Geologists expect the Los Angeles area will eventually be struck by an earthquake larger than any seen in recorded history.
Three of the largest earthquakes in North America recorded in history originated from the New Madrid fault system over the course of two months from 1811 to 1812. These magnitude 7 events shook with enough power to apparently force the Mississippi River to temporarily flow backward.
The quakes — the largest ones ever known in the center of the United States — have raised fears of a "big one" there sometime this century. The closest cities to the New Madrid fault system are Memphis and St. Louis.
"Fundamentally we don't have a good understanding of exactly how earthquakes in the middle of continents work," Abers said. "We understand a lot about tectonic plates at their boundaries — when it comes to the middle of plates, the thought is that somehow the movement of plates also builds up stresses in the middle of continents. If we can solve this, we could establish a better idea of what hazards earthquakes pose there."
A dense array of seismic instruments is now investigating the zone, and scientists are looking for evidence of ancient earthquakes to get a better sense of how it works.
The Eastern Seaboard
The ancient Ramapo Fault runs near New York City. It last experienced serious movement some 200 million years ago, "with mountains going up and volcanoes erupting in the area," Abers said. "It's thought it might be where stresses are building up today."
A number of other ancient faults go from Canada all the way at least to South Carolina. The largest earthquake in the northeast was probably the Cape Ann earthquake in 1755 off the coast of Massachusetts, which might have been a magnitude 5.9 quake.
"There's clearly much less activity on the Eastern Seaboard than in California or the Pacific Northwest, but the flip side of that is that the building codes aren't of the same standard," Abers said. "So even modest-sized earthquakes close to populated areas could be much more destructive. There are a lot of emergency preparedness groups in California, a lot of work on building codes and designs, but building to earthquake codes is expensive, and in the east there are older buildings built before people thought very hard about earthquakes.

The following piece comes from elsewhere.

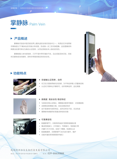 陕西利丰恒信生物科技发展有限公司成立于2017年,是西北地区最早拥有掌静脉识别技术,并成功推广到行业应用的科技创新型单位。公司地址位于西安市高新区,拥有包括掌静脉识别、指静脉识别、人脸识别、指纹识别等国内外先进的识别专业技术。公司致力于先进的生物识别技术的集成、开发和应用,为不同行业不同需求的客户提供整体解决方案,尤其在司法公安系统中结合实际管理情况和应用需求,不断完善、创新推出具体可行的解决方案,得到各合作单位的一致好评。目前公司业务遍及陕西、四川、广东、海南、广西等省市。
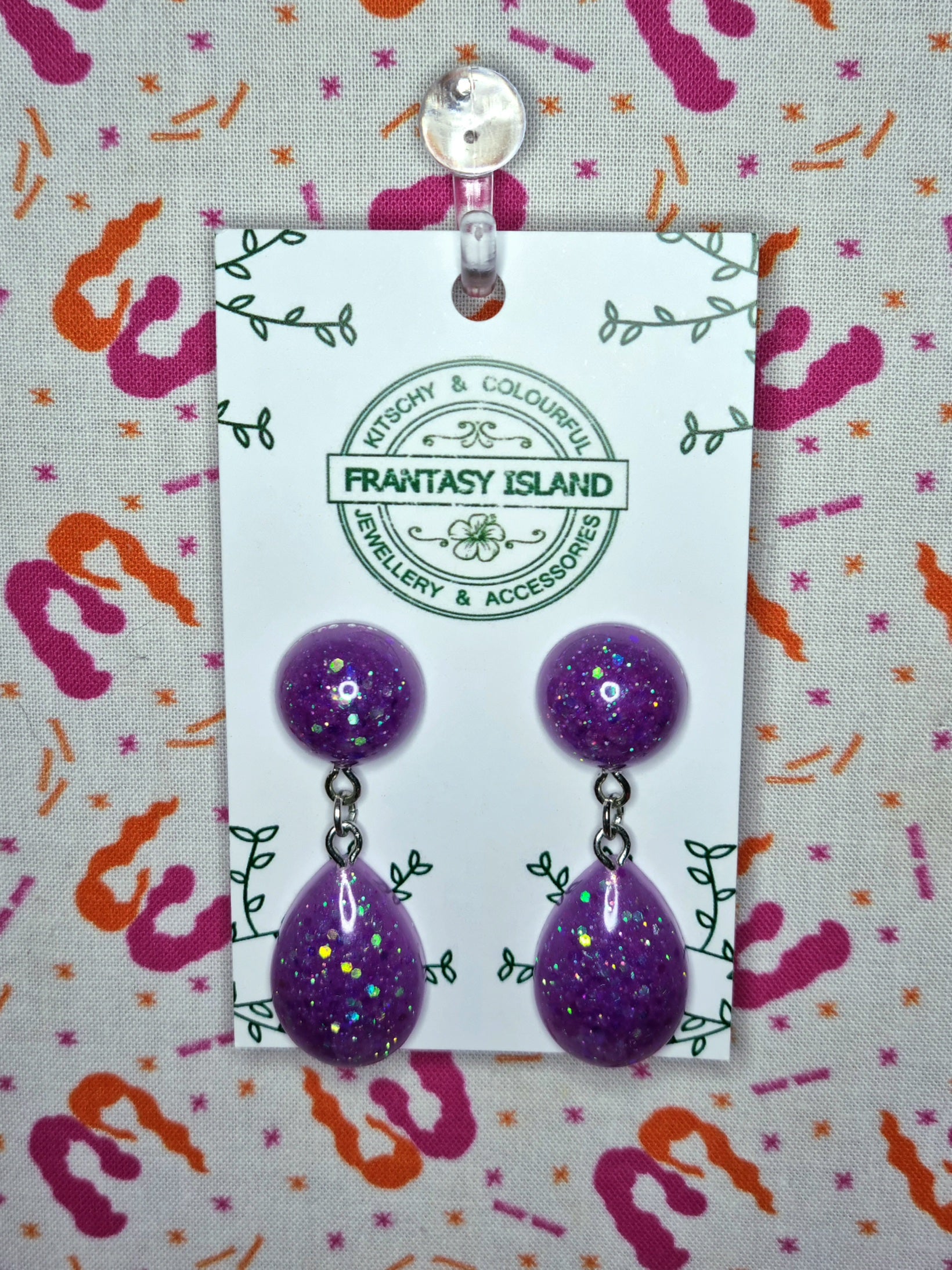 These bright and fun lilac glitter teardrop earrings have an exaggerated retro shape, with iridescent glitter set in purple resin - Perfect for any occasion.

Buildings cause 80 percent of deaths in earthquakes from structure collapse."
"The ground in the East also propagates shaking much more efficiently, so earthquakes would affect a much bigger area," he explained. "In the west, the crust is much more busted up, so the seismic waves attenuate — the magnitude 6.7 Northridge earthquake felt in Southern California but not Northern California. In the east the ground has hardened for millions and millions of years, so I felt shaking in Boston from a magnitude 6.0 earthquake in central Quebec that was 500 miles from where I was sitting."
Alaska experiences the most earthquakes in the United States, more per year than the combined total of the rest of the country. The nation's largest recorded earthquakes have all happened there as well.
"The last big earthquake in 1964 there was the largest ever recorded in the United States at magnitude 9.2," Abers said. "It destroyed several towns and it heavily damaged Anchorage. The risk of tsunami is high for coastal areas as well."
The Alaskan-Aleutian megathrust is a subduction zone "much bigger than in Cascadia," Abers said. "The saving grace in Alaska is that the population density is much lower than in California and the Pacific Northwest, but the population of the state has increased dramatically, and there's infrastructure there such as the Alaska Pipeline that wasn't there in 1964."
There is seismic monitoring in the state, particularly the urban areas, "but there's large parts of Alaska that are not that well-studied — magnitude 4 earthquakes go undetected all the time in some of these places," Abers said. "There's just a lot of real estate to cover."